When computer companies can’t count

If I were to write a blog post every time I saw an inappropriate use of numbers in the general media, well, I’d have a lot more blog posts. Innumeracy is rampant, at least partly due to the prevalence of arts- and humanities-educated people in the business, and sadly few seem to think this is an issue worth shouting about.

I’m one of those few.

story on the BBC news website this morning caught my attention. Reporting on Cisco’s prediction of a boom in mobile internet devices, it included what I thought was a rather odd statistic: “by 2015, one million minutes of video will be watched online every second“.

Now, I take an interest in internet developments in general, and video in particular. At the time of writing, among other things, I’m head of video content at Centaur Media. Bandwidth is an issue facing anybody working in online video, and according to this report Cisco identifies it as a problem large enough to affect the whole net. But “one million minutes per second” seems a very odd way to define bandwidth.

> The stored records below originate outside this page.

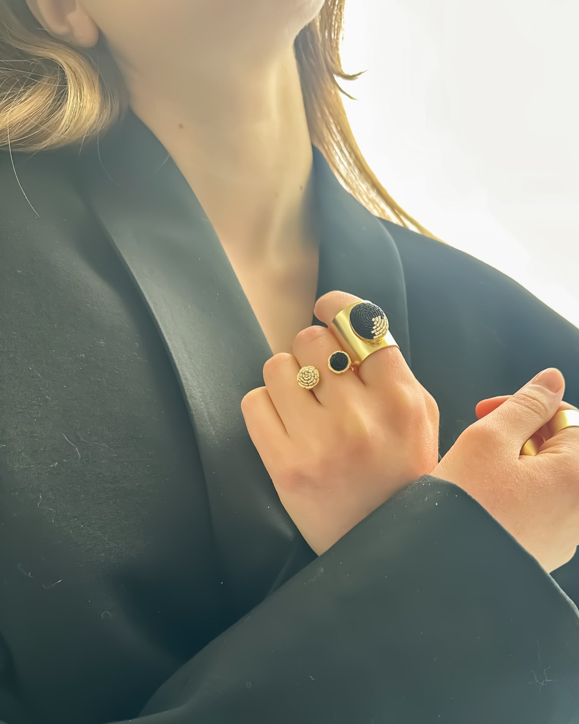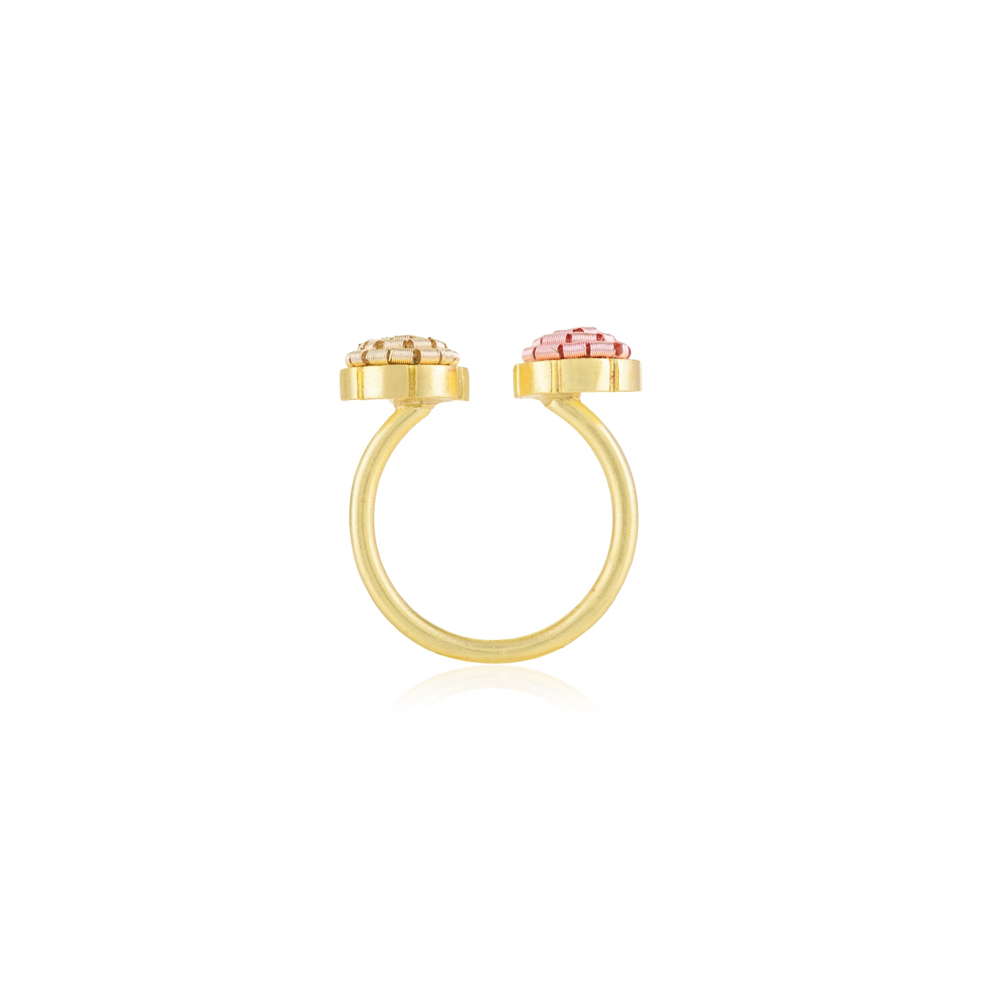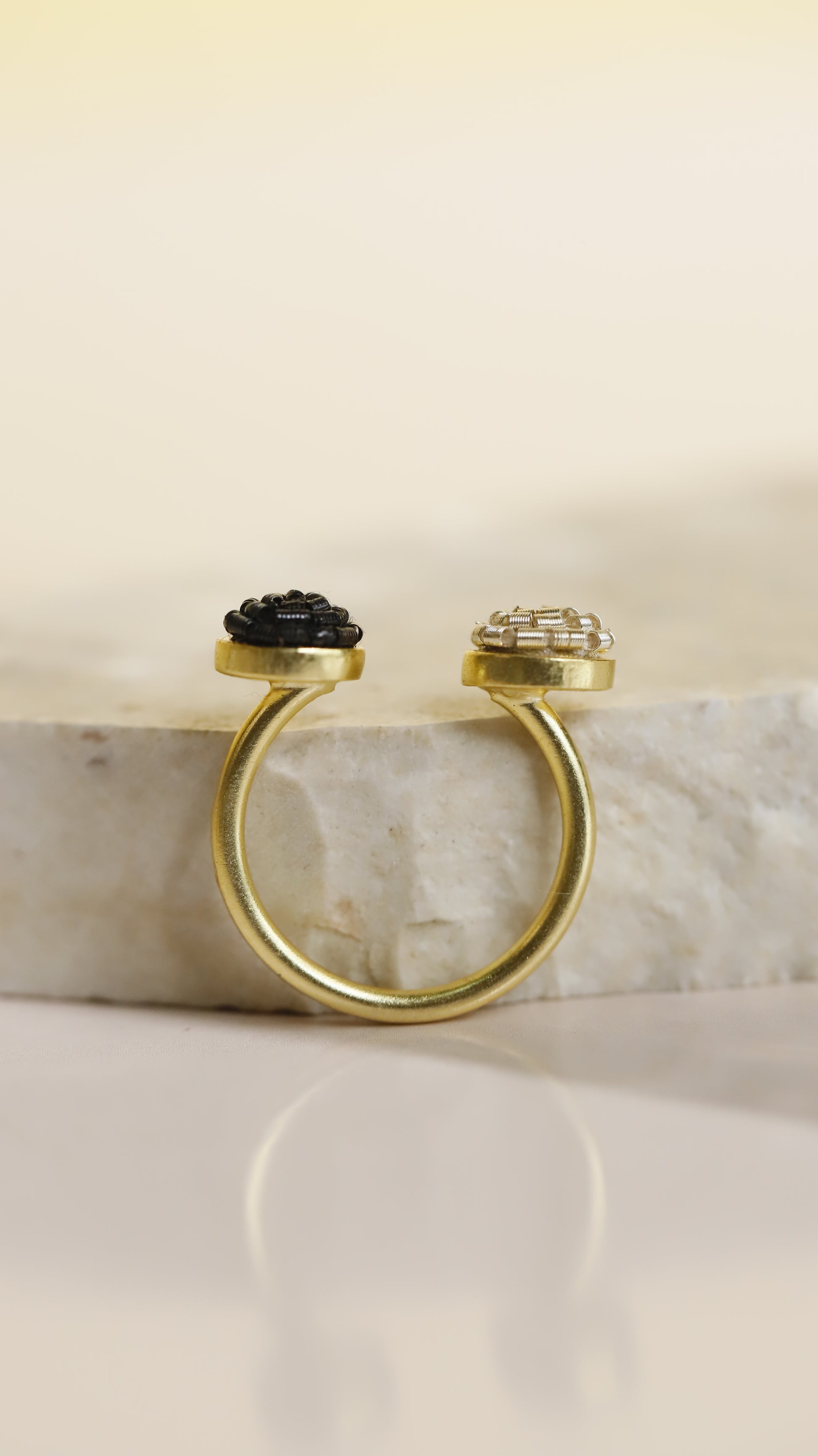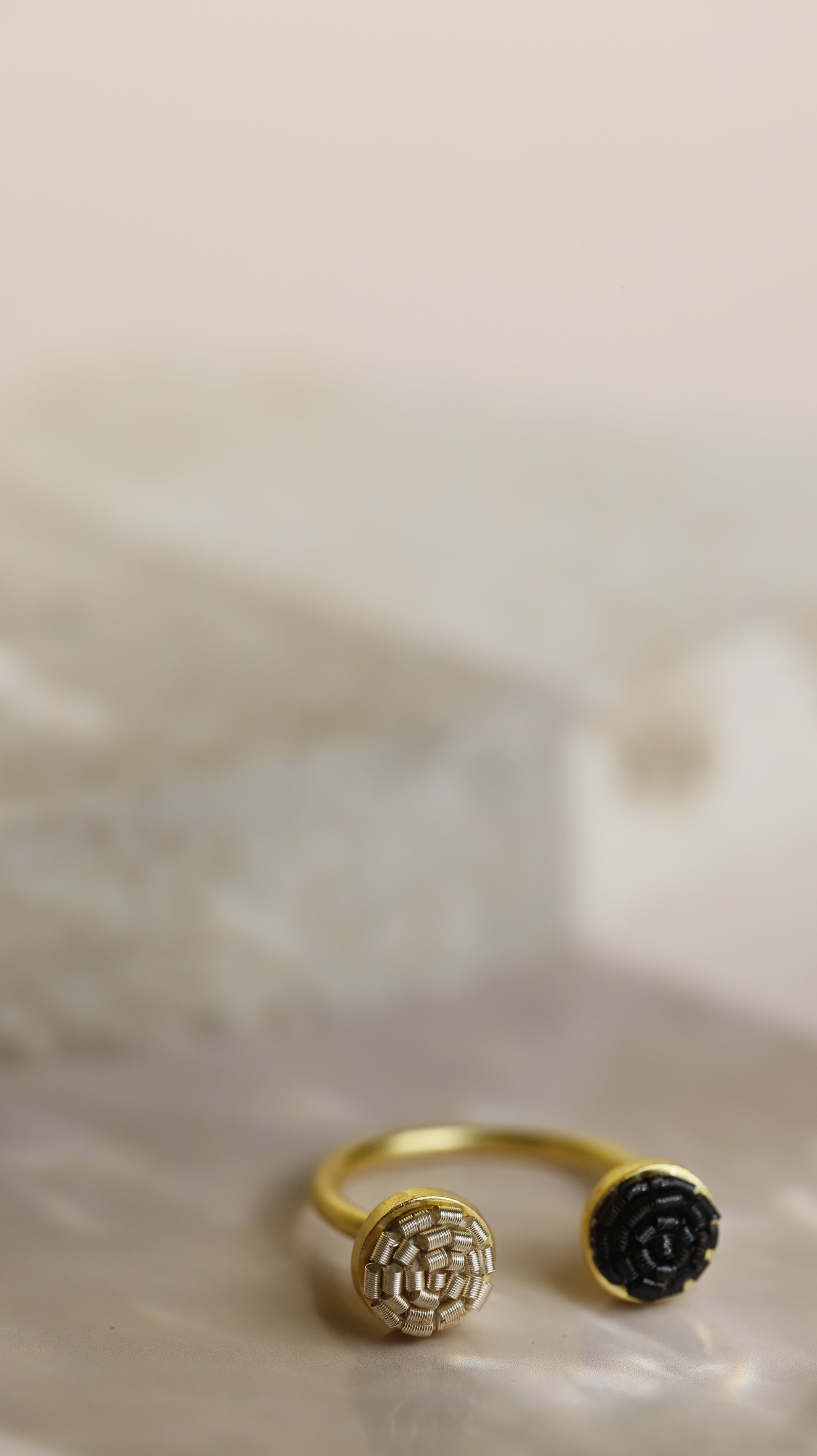 The Flower Dream Ring embodies your affection for vibrant flowers. Featuring our signature flower bezel and the cheerful colors of zardozi embroidery, this adjustable ring effortlessly brings joy to any outfit.
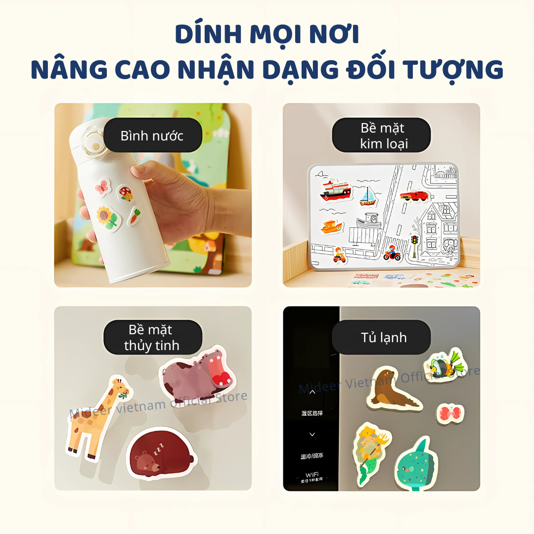 - DÍNH MỌI NƠI, NÂNG CAO NHẬN DẠNG ĐỐI TƯỢNG- Với các hình ảnh đa dạng về đồ vật hàng ngày, trẻ học từ vựng theo chủ đề một cách trực quan và dễ nhớ. Các miếng dán có thể dính trên nhiều bề mặt nhẵn, mở ra không gian sáng tạo vô hạn cho trẻ.
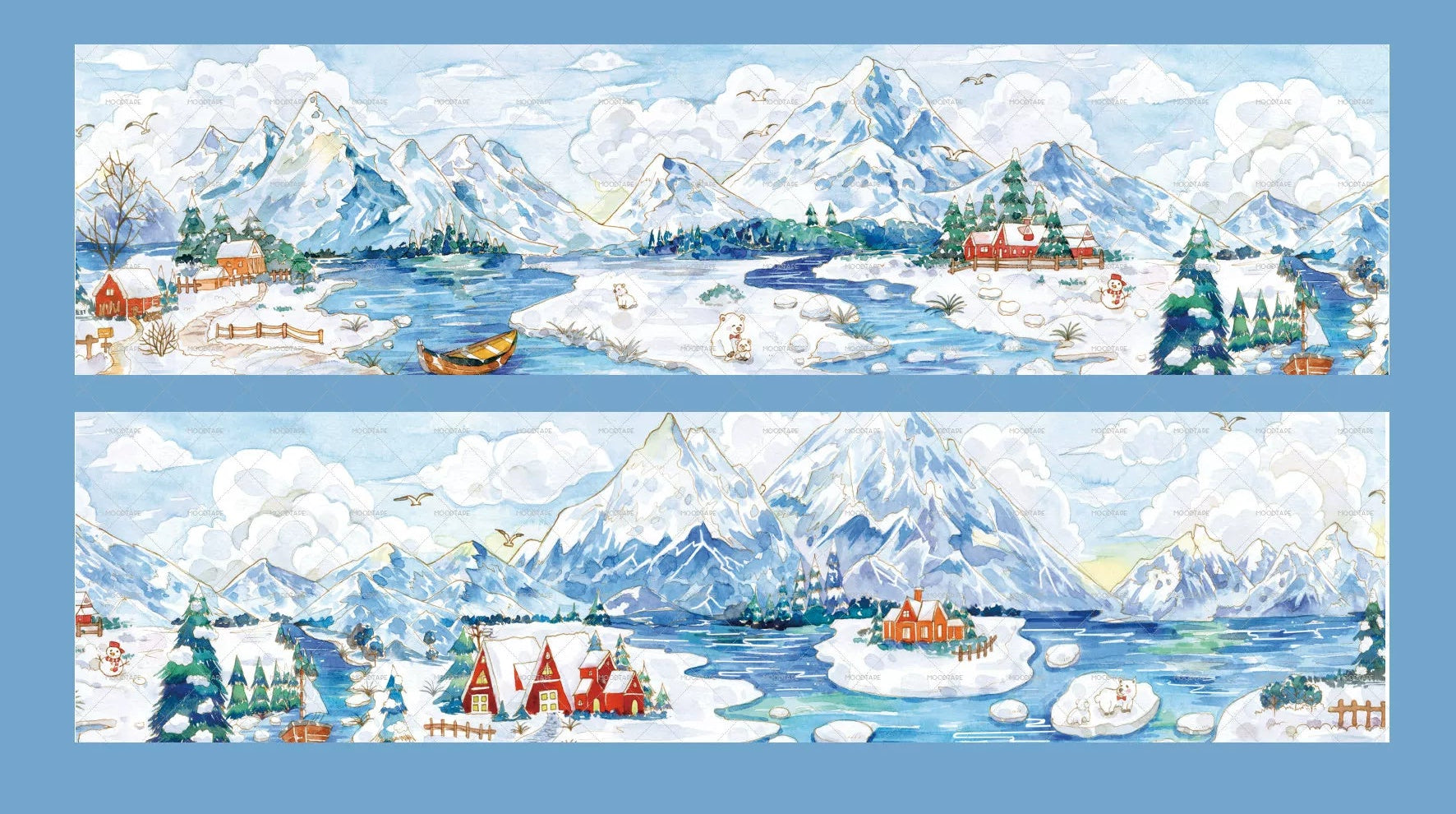 Capture the tranquil beauty of winter with this stunning snowy landscape washi tape. Featuring pristine snow-covered scenes and peaceful winter vistas, this premium PET tape brings seasonal elegance to your journaling, scrapbooking, and creative work.
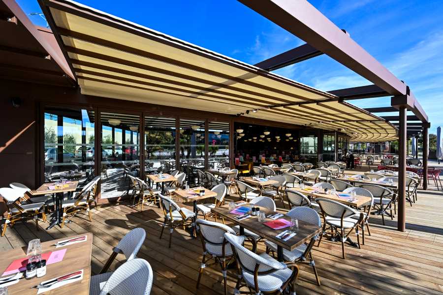Una moderna area con bar e ristoranti nella località di Colomiers, nel sud della Francia, alle porte di Tolosa, nel dipartimento dell’Alta Garonna, offre un variegato concetto di gusto su una vasta superficie. Dalla boulangerie e pasticceria con ristoranti fast food, ai pub con cucina francese, fino allo street food e alle pizzerie. I clienti vengono attratti durante tutta la giornata e in estate possono godersi un pasto rilassante anche sulla grande terrazza all’aperto. Ciò grazie a un ampio sistema di tende da sole markilux, dotato anche di radiatori termici e di un sistema di illuminazione che crea una piacevole atmosfera serale.
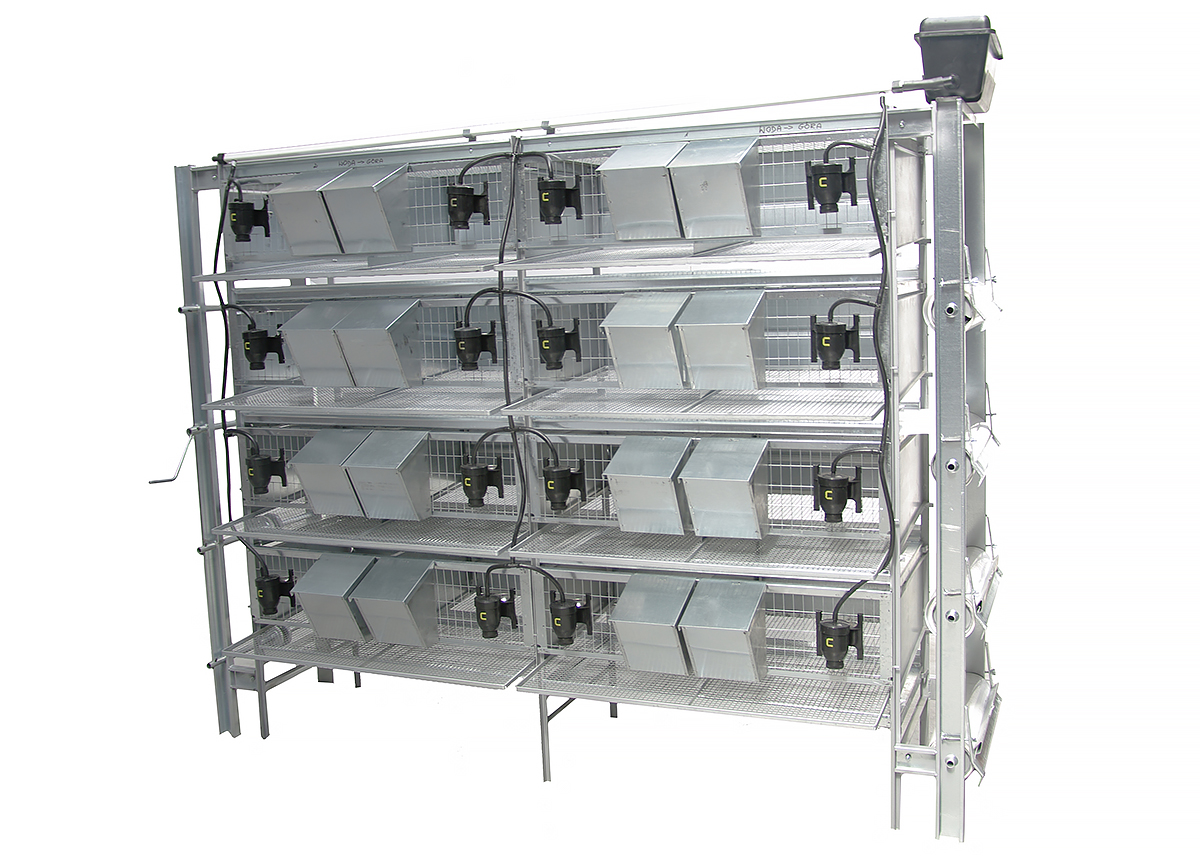 samoczynnie kulały po podłodze na zewnątrz klatki, skąd w łatwy sposób można je zbierać. Wielkość boksu dla pojedynczej pary kuropatw to około 1/4 metra kwadratowego. Dwa boksy tworzą segment o wymiarach 100 cm x 55 cm x 29 cm.Każde stanowisko dla jednej pary posiada własne
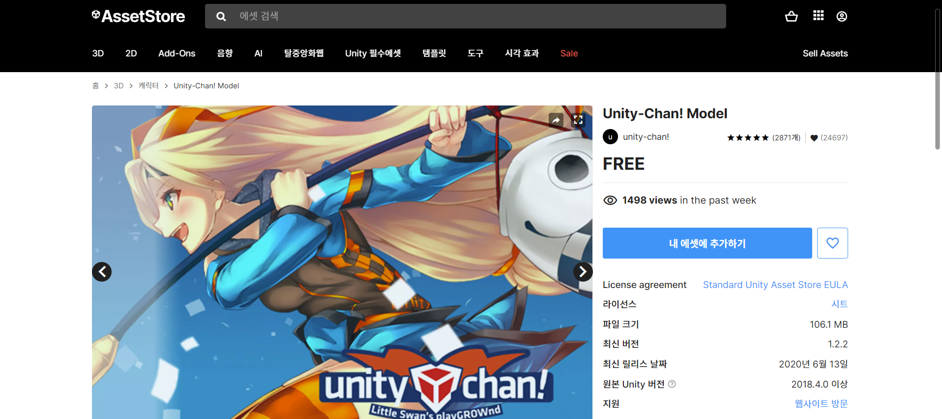이번 실습에서 사용하는 3D FBX 파일은 Asset Store에서 "Unity-Chan! Model" 검색 후 사용한다.
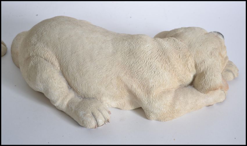 A pair of ' Puppy Love ' Labrador large puppy dogs by Country Artists.  One labelled and numbered 02695 - Labrador scratching and the other numbered 02693 - Labrador lying.  Both marked with stickers to underside. The tallest measures 26cm high.
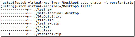 The access-control module is implemented as a root daemon that performs write/delete protection for the files produced by the version-control module each time a file version is created. This is achieved by running the chattr command (Change Attribute) with root privileges. chattr is a command line in Linux that is used to set/unset specific attributes to a file in a Linux environment to secure accidental deletion or modification of important files and folders, even by root users. Through this process, file snapshots are protected from corruption or deletion by using the change file attribute permissions with the immutable flag (i) under the Linux environment, preventing any user, including the root, from accidentally modifying and/or deleting files. An example using this command is shown in Figure 4.

Thinking this was perhaps the BBC reporter Maggie Shiels‘s spin on the issue, I checked Cisco’s original report. It wasn’t, and Shiels has at least partly improved an obtuse statistic. Cisco’s fifth annual ‘Visual Networking Index Forecast’ says: “By 2015, 1 million video minutes – the equivalent of 674 days – will traverse the Internet every second“.

Not only did Cisco inaugurate the minutes-per-second form, it helpfully rephrased this into days-per-second. It’s a wonder it didn’t go further, giving it as 1.9 years per second (one million minutes, by the way, equates to 694 – not 674 – days, but we’ll let that slide).

Considering that Cisco is a tech firm, this bizarre presentation of numerical data seems especially odd. Is there not a better way?

Of course there is. A million minutes is 60 million seconds. 60 million seconds per second. You don’t need to be a Fields Medal winner to work out that this is the same as 60 million minutes per minute, or years per year. It’s just 60 million.

Cisco could have simply said that, by 2015, it expects 60 million people to be simultaneously watching online video, all the time. That’s a much tidier way of expressing the problem.

Innumeracy in the media is one thing, but innumeracy in Silicon Valley? Yikes.